Hoeven Announces $700,000 in DOE Funding for Energy & Environmental Research Center at UND to Develop Allam Cycle
WASHINGTON – Senator John Hoeven, a member of the Senate Energy and Appropriations Committees, today announced that the U.S. Department of Energy (DOE) has awarded a $700,000 grant to the Energy and Environmental Research Center (EERC) at the University of North Dakota (UND). The funds will be used to build and operate a direct-fired, supercritical CO2 cycle pilot plant which will help develop the Allam Cycle, technology to reduce CO2 emissions and increase efficiency in coal-fired and natural gas power plants.
“Today’s funding will be used to build a pilot plant which will be an important part in the overall development of the Allam Cycle,” said Hoeven. “By developing the Allam Cycle, EERC will help make carbon capture technology more commercially viable, which means we will be able to produce more energy from coal and with fewer emissions.

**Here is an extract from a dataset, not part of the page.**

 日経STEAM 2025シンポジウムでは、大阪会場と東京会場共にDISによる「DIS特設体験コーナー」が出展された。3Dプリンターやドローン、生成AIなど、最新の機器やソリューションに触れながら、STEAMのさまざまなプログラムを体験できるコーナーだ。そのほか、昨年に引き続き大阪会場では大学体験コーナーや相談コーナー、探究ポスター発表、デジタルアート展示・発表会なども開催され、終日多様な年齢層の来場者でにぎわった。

We continue to work to advance this and other technology that will help secure the energy future of North Dakota and our nation.”

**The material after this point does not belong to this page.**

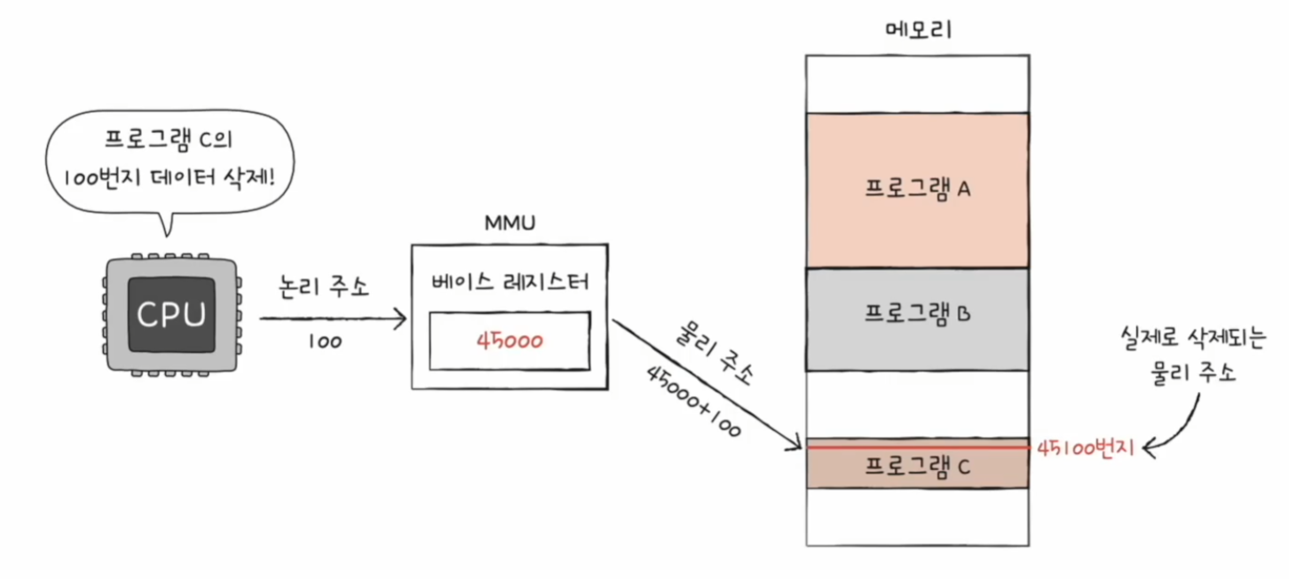 MMU는 논리 주소와 베이스 레지스터(프로그램의 기준(시작) 주소) 값을 더하여 논리 주소를 물리 주소로 변환한다. 논리 주소는 실제로 저장된 프로그램으로부터 얼마나 떨어져 있느냐에 해당하는 정보라고 생각할 수 있다.

Hoeven continues to work to advance technologies like the Allam Cycle, Project Tundra, carbon capture and sequestration (CCS) and others to help reduce emissions from both traditional and renewable energy sources. To this end, the senator worked to support DOE’s CCS and advanced coal technology programs in the annual appropriations bills for Fiscal Years 2017 and 2018.
In addition, the senator recently introduced the CO2 Regulatory Certainty Act to align tax guidelines with existing federal regulations to ensure that developers of CCS projects can use the Section 45Q tax credit. The Senator also secured a first-of-its-kind approval for North Dakota to have regulatory primacy over Class VI injection wells, which are used for long-term storage of CO2.